→ GOAL OF THE EXERCISE
For the data below, transcribe the part that opens with the line containing "表3  常用不同NTSC值的白光實現(xiàn)方案" and closes with the line containing "Để tỏ ra thái", exactly and with no pictures.

#### DATA EXCERPTS ####

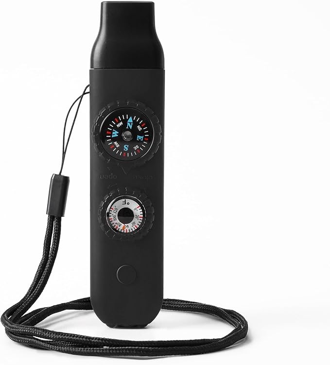 - The 7-in-1 Safety Whistle sets 7 functions including Emergency Whistle, Compass, Thermometer, LED Signal Light, Magnifying Glass, Reflector and Sealed Warehouse with good playability (The uniquely designed miniature built-in storage bin can be used to store important personal information, allowing rescuers to grasp your situation at the first time) (NOTE: If you need help in an emergency, you can try whistling softly, which is louder than whistling at full force)
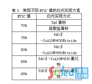 表3  常用不同NTSC值的白光實現(xiàn)方案
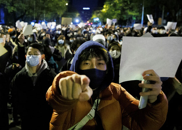 ჩინეთის რესპუბლიკის სხვადასხვა რეგიონში საპროტესტო აქციები მიმდინარეობს. დემონსტრანტები კორონავირუსის გავრცელების პრევენციის მიზნით ქვეყანაში დაწესებულ მკაცრ რეგულაციებს - მასობრივ ტესტირებას, მკაცრ ლოკდაუნებს, იძულებით კარანტინს და ციფრულ თვალთვალს აპროტესტებენ.
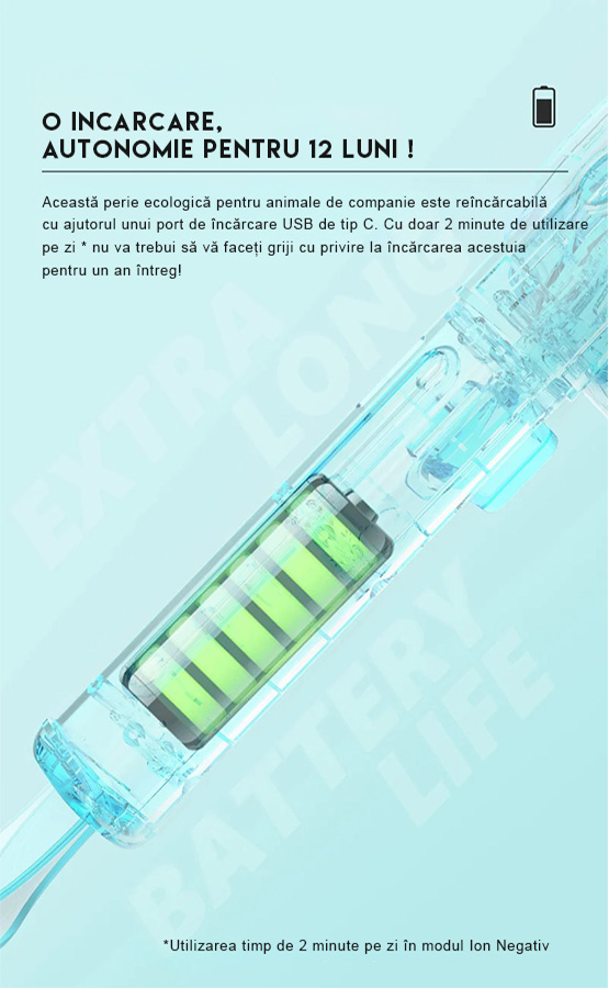 Ionii negativi neutralizeaza ionii pozitivi din par, facand blana animalului dumneavoastra stralucitoare, neteda, fara efect de electrizare si sanatoasa.
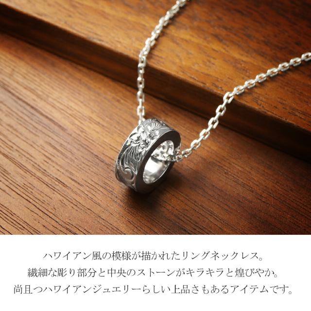 DROPS ハワイアン シルバー リングネックレス ネックレス チェーン付き ペンダント レディースネックレス 花 植物 模様 ハワイアンジュエリー
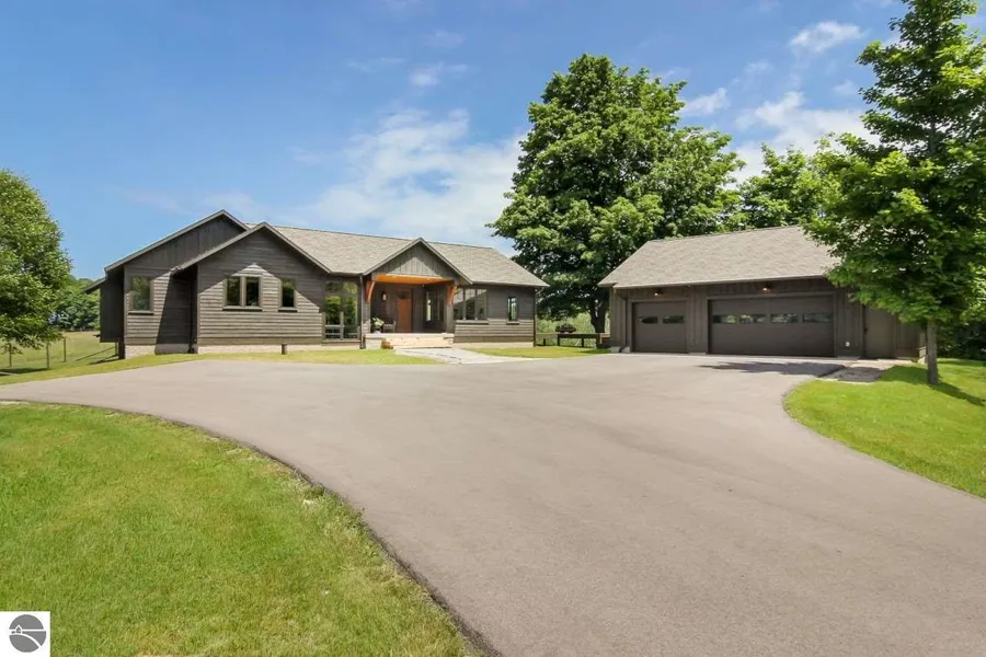 Twin maples as it is known, is a spectacular custom home near Leland with shared access on North Lake Leelanau. If you enjoy open space, privacy and a big-sky view this beauty is for you. The unobtrusive architecture appears to have been born of the land. With one-level living and an abundance of natural light youll enjoy views from every room. The living area features a gas fireplace. In the kitchen youll find, soapstone and marble counters, Bertazzoni dual fuel range and oven. The master suite is spacious, the master bath has radiant floor heat, a tiled walk-in shower, tile floors and a stone vanity. Theres a reading room and an office. All of the cabinetry and built-ins are custom. A wide staircase leads to cozy lower level ideal for family and friends. Aesthetic elements include, 9-ft ceilings, a palette of soft colors, solid cherry floors and doors with a matte finish, cork floors, ...
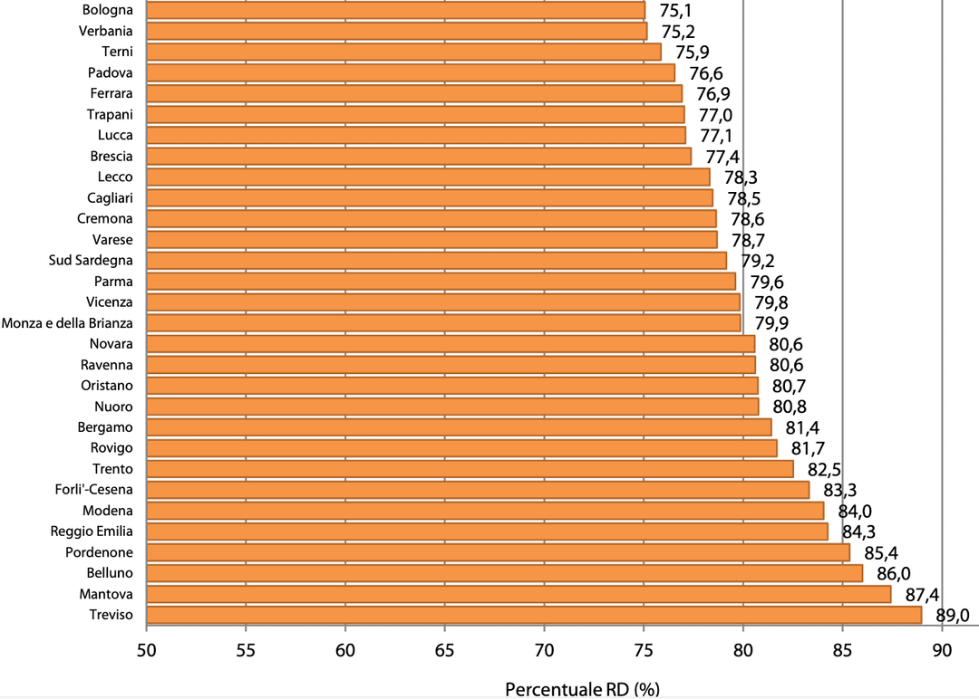 Report ISPRA 2025 – Dati % raccolta differenziata per regione, città metropolitana, top 30 province italiane a fine 2024
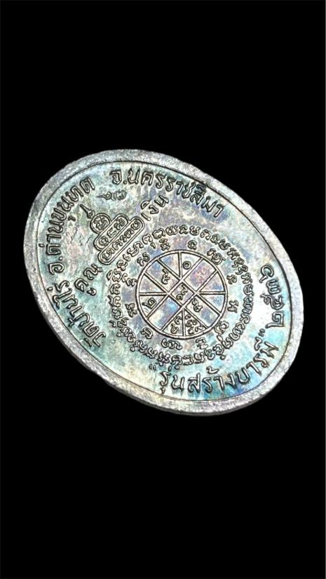 เหรียญไตรมาสหลวงพ่อคูณ รุ่นสร้างบารมี ปี 2536 เนื้อเงินลงยาสีน้ำเงิน
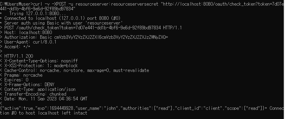 "user_name":"john","authorities":["read"],"client_id":"client","scope":["read"]}*
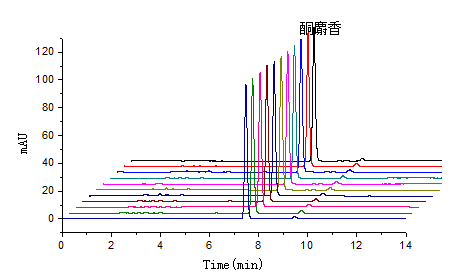 圖4-2 酮麝香標準品連續(xù)進樣重復性譜圖
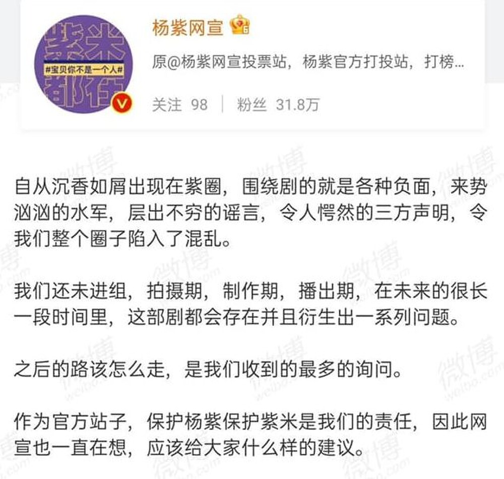 Để tỏ ra thái độ trước sau như một của mình, mới đây, trạm fan lớn của Dương Tử đã tuyên bố sẽ không tiến hành bất cứ hành động quảng bá nào cho bộ phim Trầm vụn hương phai dù rằng thần tượng của họ có là nữ chính đi chăng nữa. Họ bày tỏ sẽ không xem cũng như chẳng cày số liệu giúp cho Dương Tử về dự án này.
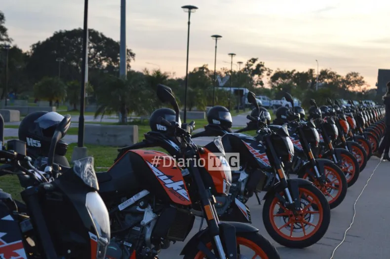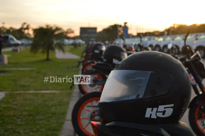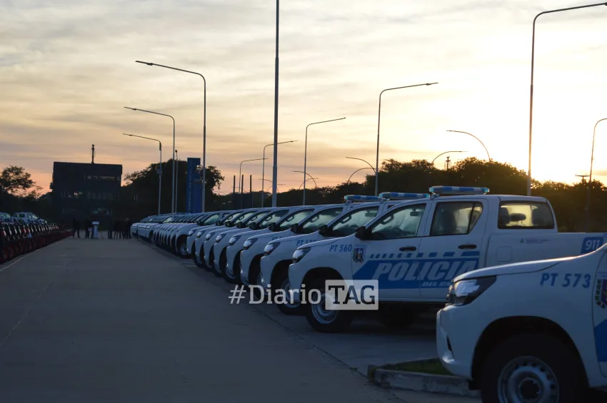 Durante el acto, en el que participó la vicegobernadora Analía Rach Quiroga, la ministra de Seguridad Gloria Zalazar, el ministro de Economía Santiago Pérez Pons y el jefe de la Policía Ariel Acuña entregaron 119 camionetas, más de 100 motos.
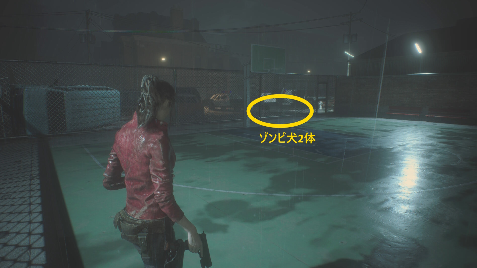- バスケットコートに入ったら、左前方のバスケットゴールのほうへ進むとフェンスの向こうにゾンビ犬が2体出現
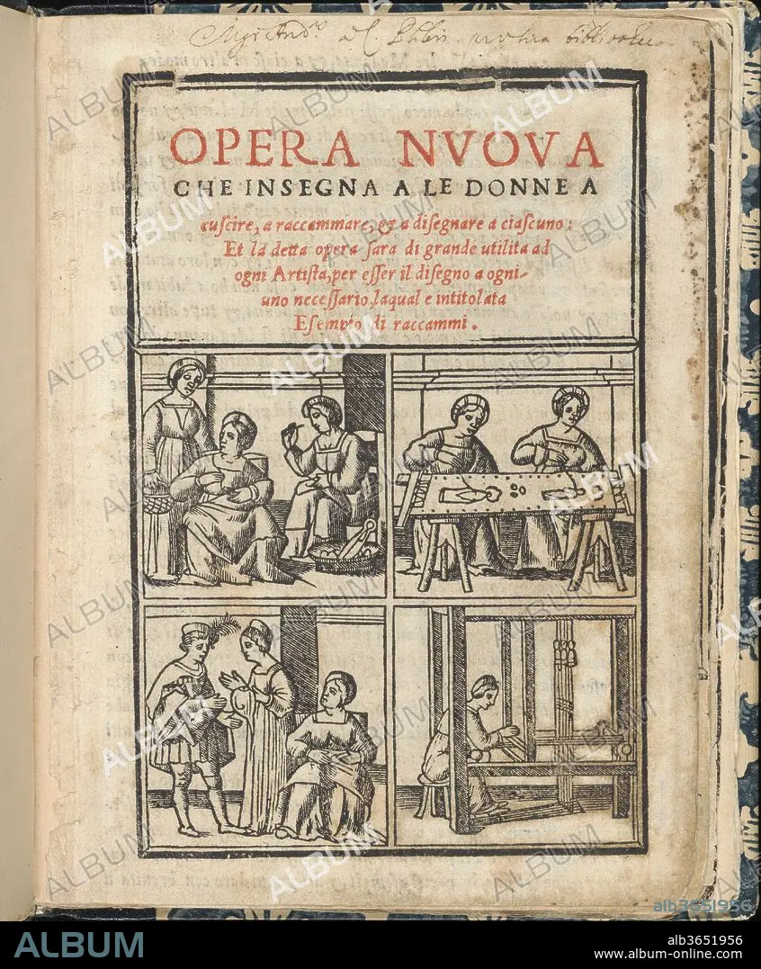 This book of 'Examples of Needlework' was conceived by the venetian Giovanni Antonio Tagliente and published by Giovanantonio da Sabbio and his brothers in Venice, Italy. First published in 1527, it wass one of the first and very original textile pattern books to be issued in Italy after the emergence of the genre in Germany in 1523. Tagliente also includes a long description on how the patterns could be transferred onto textile substrates.
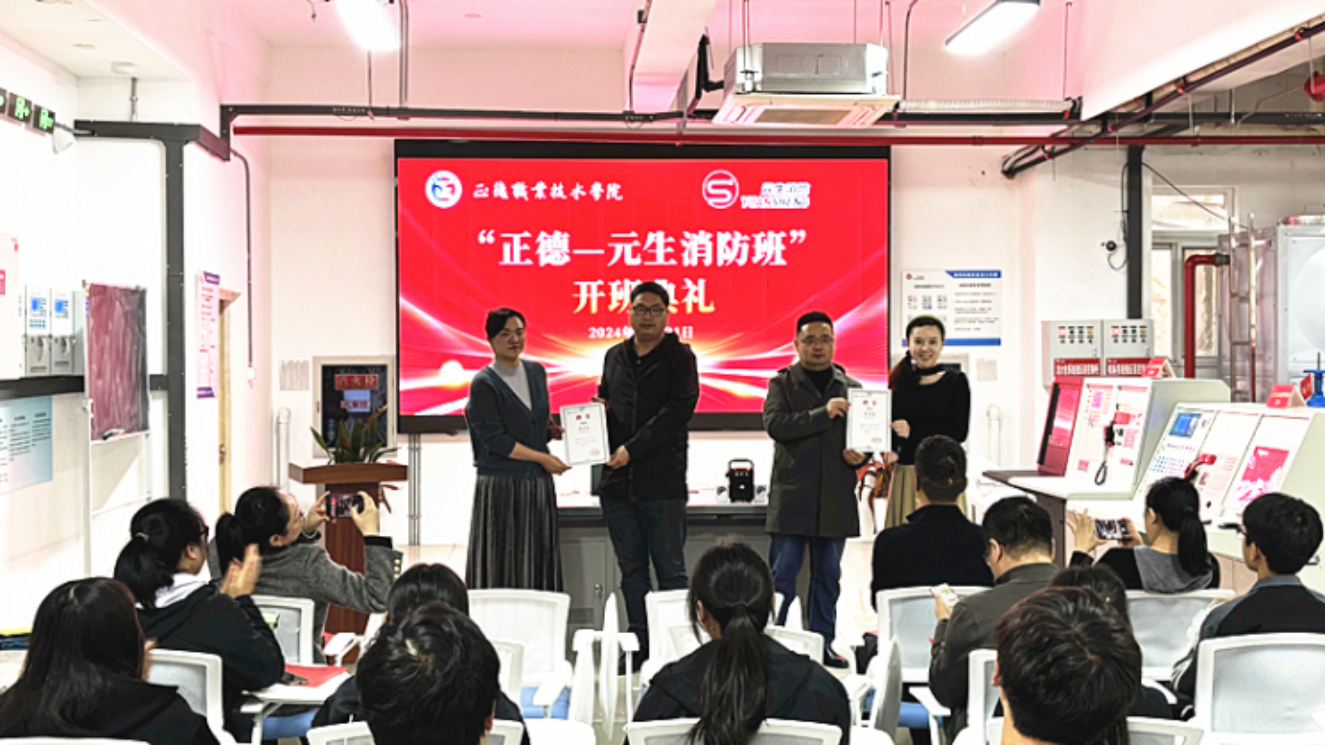 10月31日下午,“正德—元生消防班”开班仪式在正德-元生消防综合实训中心隆重举行。南京元生消防工程有限公司总经理刘臻、副总经理朱雯洁等企业代表、十三水官网 院长助理、招就处处长王墀、汽车与机电工程系系主任任丽君等老师出席活动。典礼由汽车与机电工程系系副主任虞骏卿主持。

####

→ SOLUTION
 表3  常用不同NTSC值的白光實現(xiàn)方案
 ჩინეთის რესპუბლიკის სხვადასხვა რეგიონში საპროტესტო აქციები მიმდინარეობს. დემონსტრანტები კორონავირუსის გავრცელების პრევენციის მიზნით ქვეყანაში დაწესებულ მკაცრ რეგულაციებს - მასობრივ ტესტირებას, მკაცრ ლოკდაუნებს, იძულებით კარანტინს და ციფრულ თვალთვალს აპროტესტებენ.
 Ionii negativi neutralizeaza ionii pozitivi din par, facand blana animalului dumneavoastra stralucitoare, neteda, fara efect de electrizare si sanatoasa.
 DROPS ハワイアン シルバー リングネックレス ネックレス チェーン付き ペンダント レディースネックレス 花 植物 模様 ハワイアンジュエリー
 Twin maples as it is known, is a spectacular custom home near Leland with shared access on North Lake Leelanau. If you enjoy open space, privacy and a big-sky view this beauty is for you. The unobtrusive architecture appears to have been born of the land. With one-level living and an abundance of natural light youll enjoy views from every room. The living area features a gas fireplace. In the kitchen youll find, soapstone and marble counters, Bertazzoni dual fuel range and oven. The master suite is spacious, the master bath has radiant floor heat, a tiled walk-in shower, tile floors and a stone vanity. Theres a reading room and an office. All of the cabinetry and built-ins are custom. A wide staircase leads to cozy lower level ideal for family and friends. Aesthetic elements include, 9-ft ceilings, a palette of soft colors, solid cherry floors and doors with a matte finish, cork floors, ...
 Report ISPRA 2025 – Dati % raccolta differenziata per regione, città metropolitana, top 30 province italiane a fine 2024
 เหรียญไตรมาสหลวงพ่อคูณ รุ่นสร้างบารมี ปี 2536 เนื้อเงินลงยาสีน้ำเงิน
 "user_name":"john","authorities":["read"],"client_id":"client","scope":["read"]}*
 圖4-2 酮麝香標準品連續(xù)進樣重復性譜圖
 Để tỏ ra thái độ trước sau như một của mình, mới đây, trạm fan lớn của Dương Tử đã tuyên bố sẽ không tiến hành bất cứ hành động quảng bá nào cho bộ phim Trầm vụn hương phai dù rằng thần tượng của họ có là nữ chính đi chăng nữa. Họ bày tỏ sẽ không xem cũng như chẳng cày số liệu giúp cho Dương Tử về dự án này.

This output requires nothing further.